Прошлой зимой мне встретился случай, ясно показывавший связь между двойственными представлениями и неравномерной деятельностью полушарий большого мозга. Больной, отставной чиновник Бэр.… 40 лет, страдал общим прогрессивным параличом. Однажды утром, придя в отделение, я первым делом направился в комнату этого больного и стал с ним здороваться. «Мы с вами только что виделись» – говорит (bradyphrasia et pararthria paretica) Бэр…, с недоумением смотря на меня. – Когда же? – «Да сейчас… Вы, точно так же как теперь, подошли ко мне, также (вторично протягиваете мне свою руку), подали мне руку… так что сегодня мы уже здоровались с вами»… Галлюцинации у этого больного ни разу не были констатированы, и потому я, подумав сперва, что дело идет об обмане воспоминания, возразил: вы ошибаетесь, Карл Иванович, сегодня мы не виделись с вами и вы вспомнили теперь то, что могло быть лишь вчера. – «Ну вот… вот… и эту самую фразу вы сегодня же уже раньше мне сказали», живее обыкновенного выговорил Бэр… и выразил на своем лице еще большее недоумение, очевидно, не зная, что для него лучше, – смеяться ли по поводу моих шуток или обидеться.
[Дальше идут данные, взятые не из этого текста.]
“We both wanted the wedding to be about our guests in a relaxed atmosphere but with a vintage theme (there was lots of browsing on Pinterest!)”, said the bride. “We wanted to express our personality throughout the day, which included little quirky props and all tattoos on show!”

Левый его зрачок оказался расширенным, а конец высунутого языка – уклоняющимся в правую сторону, тогда как раньше, при общем парэтическом состоянии, иннервация мышц была на обеих сторонах тела одинакова. Резкое удвоение представлений наблюдалось в этот раз у больного три дня подряд, и после того, раза 2–3, замечалось на короткое время именно в начале тех периодов, когда иннервация мышц обеих сторон тела становилась особенно неравномерной.
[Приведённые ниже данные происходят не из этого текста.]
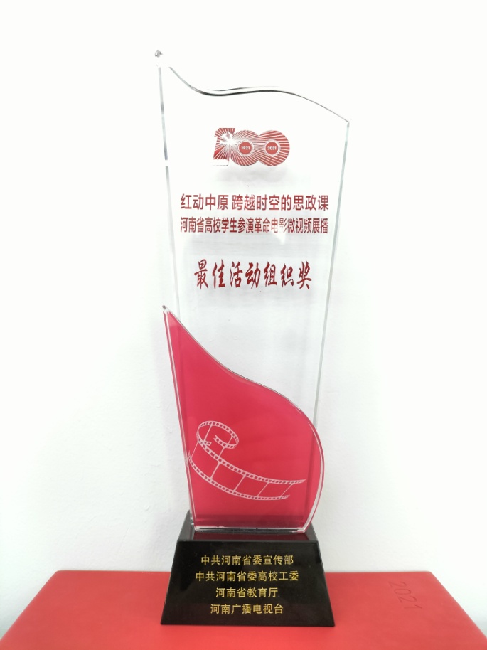 活动现场对“红动中原 跨越时空的思政课”——河南省高校学生参演革命电影微视频展播优秀作品进行了颁奖,由我校党委宣传部选送,法学院学子演绎的《恰同学少年》获评“最佳活动组织奖”。
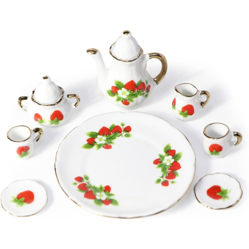 1:6 Scale Miniature Porcelain Dollhouse Tea Set 8PCS Flower Pattern Teapot Platter Dish Sets Dollhouse Kitchen Supplies Decoration (Strawberry)
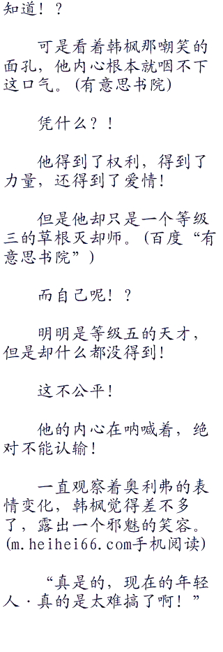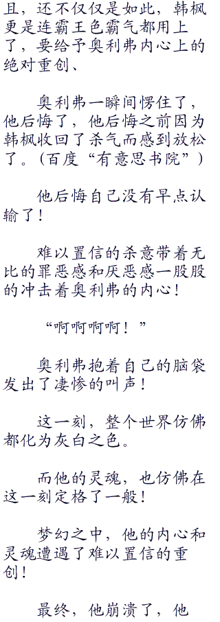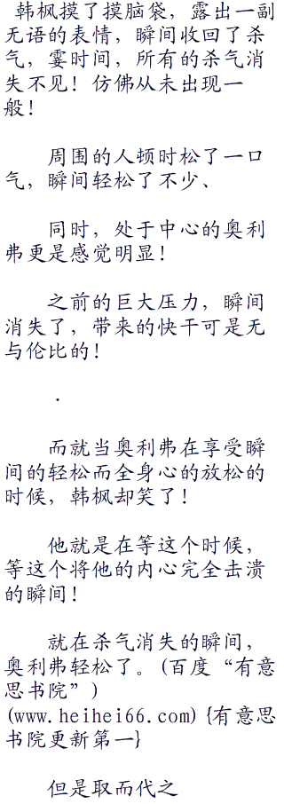 韩枫继续嘲讽着,果然说完之后奥利弗面色变得狠毒起来!
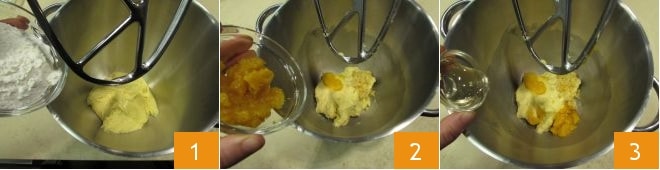 Para la segunda masa del panettone, usando una rasqueta, despega la primera masa (levada) del bol de vidrio y transfiérela a la batidora, siempre equipada con hoja. Añade 65 g de harina de manitoba 1 y activa la máquina a velocidad moderada hasta que se haya absorbido completamente. Luego añade las masas aromáticas, es decir, la pasta de naranja, la de mandarinas y la de limón 2; añade luego la miel 3
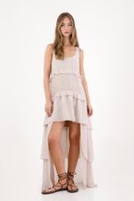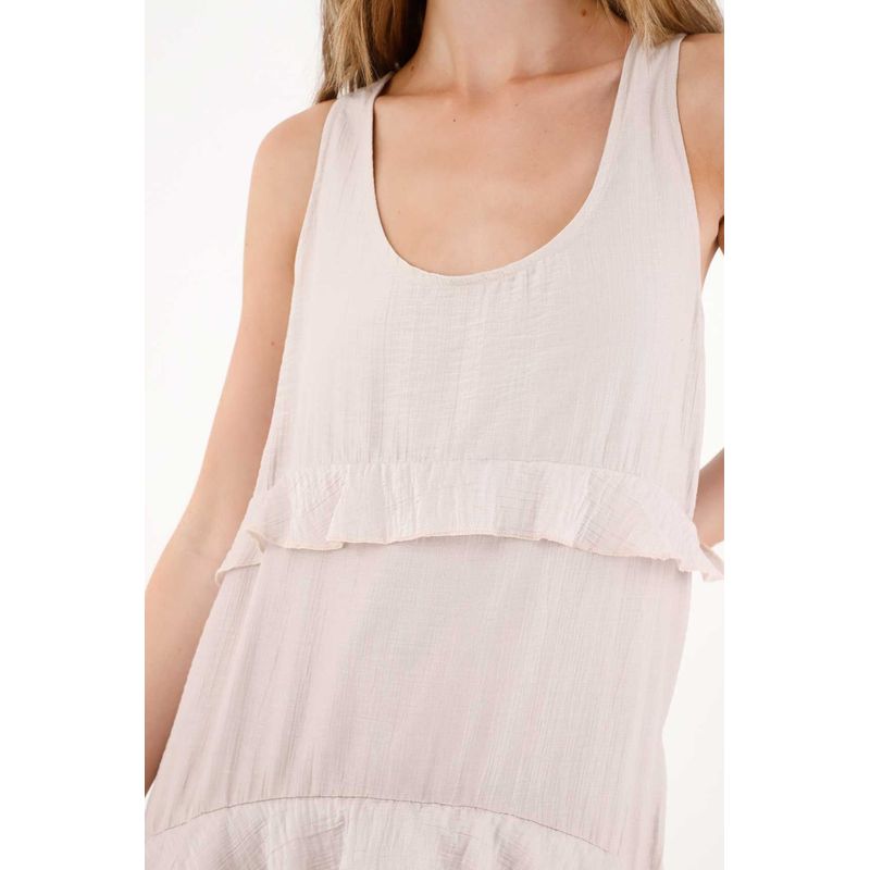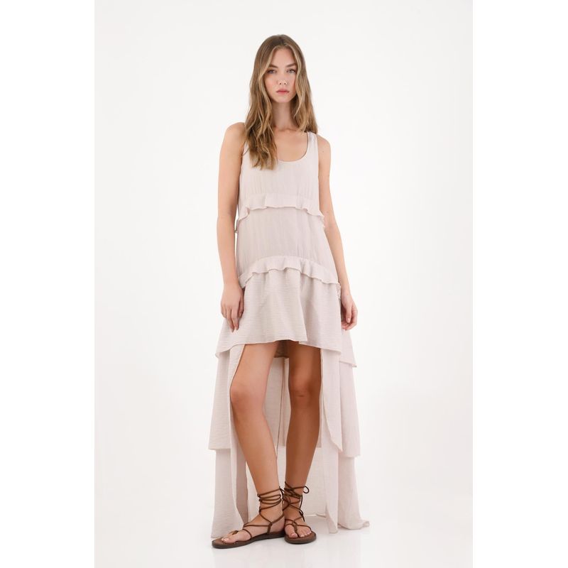 Los boleros y la silueta cola de pato crean un efecto dramático y femenino, mientras la manga sisa mantiene el look ligero y airy. Perfecto para combinar con sandalias, botas o tenis según tu mood.
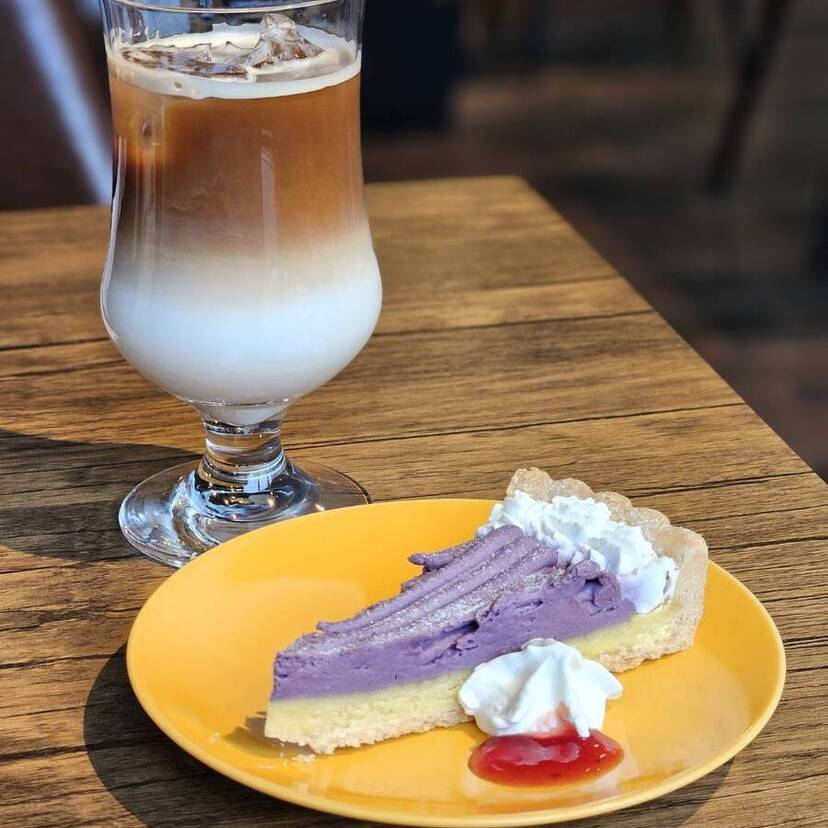 今回は『ケーキセットB』のキャラメルラテを紫いもとさつまいもタルトをご紹介。

3. По мнению Гагена, за галлюцинацию может быть ошибочно принята, наконец, просто ложная идея больного. Здесь имеется в виду собственно насильственное мышление душевнобольных. Насильственно-навязчивые представления обыкновенно носят характер чего-то постороннего, чего-то являющегося индивидууму извне, – и вот по этой-то причине будто бы и возможно смешение их (вероятно, не со стороны больного, а со стороны его врача) с галлюцинациями. Гаген приводит в связь с насильственным мышлением (l. с., р. 25–26) все те случаи, когда больные слышат в себе внутренние голоса, рассказывают, что в голове их говорит посторонний им дух, считают себя находящимися в таинственном общении с Богом или с дьяволом, а также, когда они жалуются, что мысли фабрикуются для них посторонними лицами или что окружающие узнают все их мысли при первом возникновении последних, и потом им же (т. е. больным) передают эти мысли обратно, путем таинственного внутреннего общения. Однако, по моему мнению, здесь соединены в одну рубрику явления весьма различного происхождения и значения, а именно:

вернуться

31

На с. 21 Гаген приводит два примера, чтобы показать, что поверхностное наблюдение находит галлюцинации там, где их на самом деле нет. Но первый пример, в сущности, ничего не доказывает. «Каменщик, страдавший манией с неопределенными ложными идеями и галлюцинациями слуха, однажды вскричал: “Выпустите меня, там кто-то повесился”. Я отворил дверь изоляционной комнаты, и больной устремил свой взор в коридор. “Никто не висит там”, – заметил, ему я. “Там, в лесу он повесился; надобно вынуть его из петли”, – возразил больной, указывая рукою вдаль. Тогда я ему указал, что из его комнаты через окно коридора нельзя видеть леса. “Я только что подумал об этом”, – было мне ответом». Конечно, этот больной (по-видимому, paranoia hallucinatoria acuta или subacuta) мог просто лишь вообразить себе, что в леcy висит удавленник. Но так как он страдал галлюцинациями слуха, то нет ничего мудреного, что о повесившемся ему сообщили галлюцинаторные голоса. Другой пример, как кажется, представляет не простое живое представление, а именно зрительную псевдогаллюцинацию (псевдогаллюцинацию – в моем, а не в гагеновском смысле) и именно этот пример, у Гагена в этом роде единственный, ясно показывает, что случаи гагеновских псевдогаллюцинаций далеко не могут быть обняты терминами: «обман воспоминания», «бред воспоминания».